Ce jeudi à New York se tiendra un premier vote secret au Conseil de sécurité. L’opinion mondiale influencera-t-elle les cinq puissances?

Une première femme à la tête des Nations Unies? Ce ne serait pas trop tôt! Ban Ki-moon, qui termine en décembre son deuxième mandat de cinq ans, est le huitième homme élu au poste de secrétaire général depuis la création de l’Organisation en 1945, au sortir de la Seconde Guerre mondiale. Or, plusieurs candidatures féminines de très haut vol figurent parmi les treize noms soumis au Conseil de sécurité de l’ONU, lequel doit tenir ce jeudi un tout premier vote à huis clos. C’est là le début d’un processus des plus opaques, au terme duquel un unique prétendant sera sélectionné d’ici à octobre. Celui-ci devra alors être officiellement approuvé par l’Assemblée générale.
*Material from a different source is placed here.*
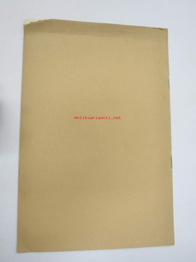 | Saatavilla | 1 kpl | | Julkaisuvuosi | 1929 | | Sivuja | 4 | | Painos | 1. | | Kunto | K2 | | Sidonta/painoasu | Pienpainate | | Kielet | Suomi |

Qui sont ces femmes? Il y a par exemple Helen Clark, l’ancienne première ministre néozélandaise qui dirige le Programme des Nations Unies pour le développement (PNUD). Ou encore Irina Bokova, diplomate bulgare à la tête de l’Unesco. Mais aussi Christiana Figueres, la Costaricaine qui a fini en beauté, ce samedi, son mandat de secrétaire exécutive à la Convention-cadre des Nations Unies sur les changements climatiques.